Thank you all for replying.
For completeness here is my final answer for loading any number of (tab) delimited files, in this case with 6 columns of data each where column 1 is characters, 2 is factor, and remainder numeric:
##Read files named xyz1111.csv, xyz2222.csv, etc.
filenames <- list.files(path="../Data/original_data",
pattern="xyz+.*csv")
##Create list of data frame names without the ".csv" part
names <-substr(filenames,1,7)
###Load all files
for(i in names){
filepath <- file.path("../Data/original_data/",paste(i,".csv",sep=""))
assign(i, read.delim(filepath,
colClasses=c("character","factor",rep("numeric",4)),
sep = "\t"))
}
Quick draft, untested:
Use list.files() aka dir() to dynamically generate your list of files.
This returns a vector, just run along the vector in a for loop.
Read the i-th file, then use assign() to place the content into a new variable file_i
That should do the trick for you.
Use assign with a character variable containing the desired name of your data frame.
for(i in 1:100)
{
oname = paste("file", i, sep="")
assign(oname, read.csv(paste(oname, ".txt", sep="")))
}
This answer is intended as a more useful complement to Hadley's answer.
While the OP specifically wanted each file read into their R workspace as a separate object, many other people naively landing on this question may think that that's what they want to do, when in fact they'd be better off reading the files into a single list of data frames.
So for the record, here's how you might do that.
#If the path is different than your working directory
# you'll need to set full.names = TRUE to get the full
# paths.
my_files <- list.files("path/to/files")
#Further arguments to read.csv can be passed in ...
all_csv <- lapply(my_files,read.csv,...)
#Set the name of each list element to its
# respective file name. Note full.names = FALSE to
# get only the file names, not the full path.
names(all_csv) <- gsub(".csv","",
list.files("path/to/files",full.names = FALSE),
fixed = TRUE)
Now any of the files can be referred to by my_files[["filename"]], which really isn't much worse that just having separate filename variables in your workspace, and often it is much more convenient.
Here is a way to unpack a list of data.frames using just lapply
filenames <- list.files(path="../Data/original_data",
pattern="xyz+.*csv")
filelist <- lappy(filenames, read.csv)
#if necessary, assign names to data.frames
names(filelist) <- c("one","two","three")

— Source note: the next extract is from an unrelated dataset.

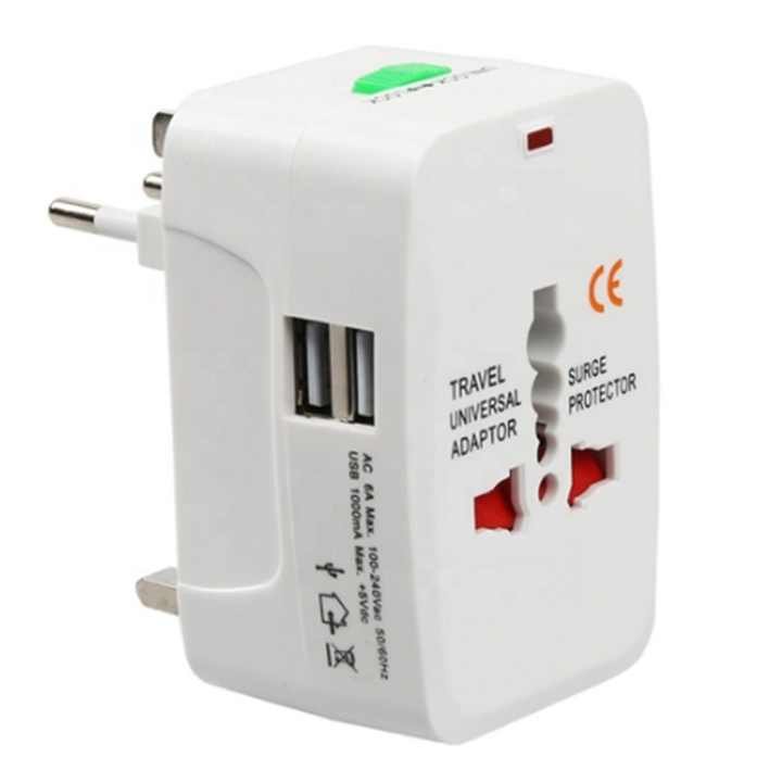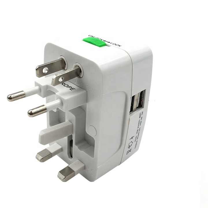 A versatile travel adapter with multiple plug configurations for global use, plus two built-in USB ports for charging devices directly.

#note the invisible function keeps lapply from spitting out the data.frames to the console
invisible(lapply(names(filelist), function(x) assign(x,filelist[[x]],envir=.GlobalEnv)))

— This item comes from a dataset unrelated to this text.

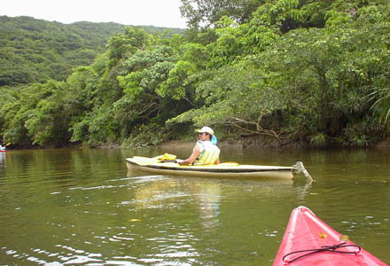 6:00起床。もう体調は絶好調。百歳まで長生きできる!(謎) 今日こそはカヌーに乗るのだ。朝食の後、山田さんと東荘の前で待っていると昨日と同じガイドさんがバンで迎えに来た。実はこのガイドさんが社長。というかカヌーショップの店長といったところか。 今日は手違いはなく、川登りもOKという事でバンに乗り込む。 今日の天気も晴れ。前日に東荘の女将さん聞いたのだが、4月中は雨が多かったのにここ数日で本当に天気が良くなったらしい。丁度オイラが沖縄に来たときに天気が良くなった訳で、本当に運が良い。いや、もはやこれはお天道様がオイラの為に顔を出しているとしか思えない! そんな天気。 程なく事務所に着く。そこで簡単な書類(万が一の時の連絡先と既往症がないか程度)を書いて待つ。申し込んでいた客全てが来たところで、ライフジャケットを着込んで再びバンに乗ってカヌー置き場へ向かった。 カヌー置き場は仲間川河口近くで、そこでガイドさんから簡単にパドルと舵の取り方を教わり、早々に出発。カヌーだけレンタルして好きに漕いで行く事もできるのだが、オイラは初心者なのでガイドさんに付き添ってもらうツアーを選んだ。 初めはの内は当然苦戦。まず上手くパドルが操れない上、カヌーが真っ直ぐ進んでくれない。舵の調整が上手くなかったのか、ちょっと足に力を入れただけで向きが変わってしまいジグザグに進む事になる。カッコつけて船体が短いカヌーを選んだのも、直進安定性を低くして曲がりやすくなってしまう原因だった。パドルの使い方が上手くなくてロスが有る上に、無駄な方向転換で力が使われるので進むのが遅い。その上、朝は引き潮だから海に向かう流れが強くて上流に進むのに力がいる。 山田さんはというと、流石に慣れたものでスイスイと進んで行く。しかしパドルを駆るその背が、何故だか物凄く嬉々としているように見える。進む速度も速くて、アッという間に姿が小さくなってしまう。オイラがチギれてしまうので、ガイドさんも慌ててちょっと待つように言う。 また、初心者のオイラは当然気が付かなかったのだが、水深が場所によって違うので気を付けないと座礁する。観光用の遊覧船が座礁しないように、水深の浅いところを示すフラッグが所々に立っていてガイドさんの指示に従ってコースを行く。河口付近は川幅も広くて全てが遠くに見え、本当に上流まで行けるのかと心配になったり。遊覧船が横を通り過ぎるときには波が立って揺らてアレレレレ。汗だくになりながら漕ぐオイラを見て、遊覧船の客が「ガンバレー」と声を掛ける。くそー、強がって笑顔で手ぇ振っちゃうぞ(^^; しかし、ヒイコラ言いながらも中流まで遡る頃にはコツが掴めてきて、それなりに漕げるようになってきた。疲れて余分な力が抜けた事と、リズムが大事だという事に気がついたからだ。それから、ガイドさんに舵も上げてもらい、方向転換はパドルで行うようにしたので余計な力がいらなくなったのも良かった。後で知ったのだが、本来、河を行くカヌーに舵はい要らなくて、基本的に方向転換はパドルで行う。海のように潮の流れがあって、船の向きを積極的にコントローする必要があるシーカヤックでは、舵の利点が大きいらしい。 何にしろ、余裕が出来て周りを見られるようになると楽しくなる。河幅も狭くなってマングローブ林を間近に見られるようになる。よく見ると沢山の動植物を見る事が出来る。干潟にはタンチョウの群がいて、マングローブの根の間に小さな魚が沢山居る。マングローブの生態が、テレビでなく生で見られるのが感動だ。水面に近い視点から見られるというのも良い。湿地だから陸から歩いてこのマングローブ林に近づくことは出来ず、川から行くしかない。また、ある程度遡ると水深が浅く、場所によっては十数センチというところもあるので遊覧船は河口付近しか回れない。この景色は、カヌーでしか見られないのだ!

Reading all the CSV files from a folder and creating vactors same as the file names:
setwd("your path to folder where CSVs are")

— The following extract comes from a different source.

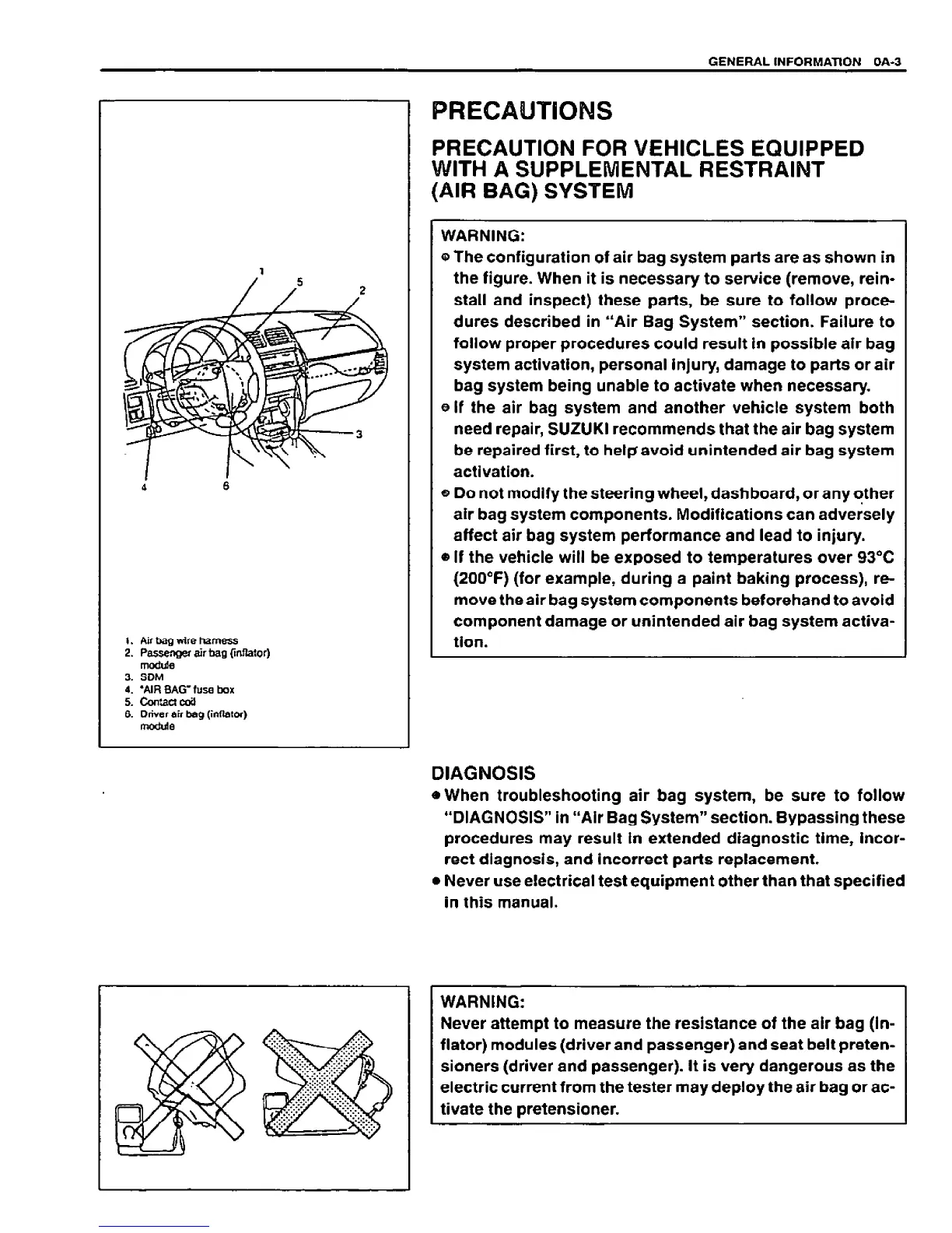 Suzuki VITARA - Precautions for Vehicles Equipped with Supplemental Restraint (Air Bag) System

filenames <- gsub("\\.csv$","", list.files(pattern="\\.csv$"))
for(i in filenames){
assign(i, read.csv(paste(i, ".csv", sep="")))
}
A simple way to access the elements of a list from the global environment is to attach the list. Note that this actually creates a new environment on the search path and copies the elements of your list into it, so you may want to remove the original list after attaching to prevent having two potentially different copies floating around.
I want to update the answer given by Joran:
#If the path is different than your working directory
# you'll need to set full.names = TRUE to get the full
# paths.
my_files <- list.files(path="set your directory here", full.names=TRUE)
#full.names=TRUE is important to be added here
#Further arguments to read.csv can be passed in ...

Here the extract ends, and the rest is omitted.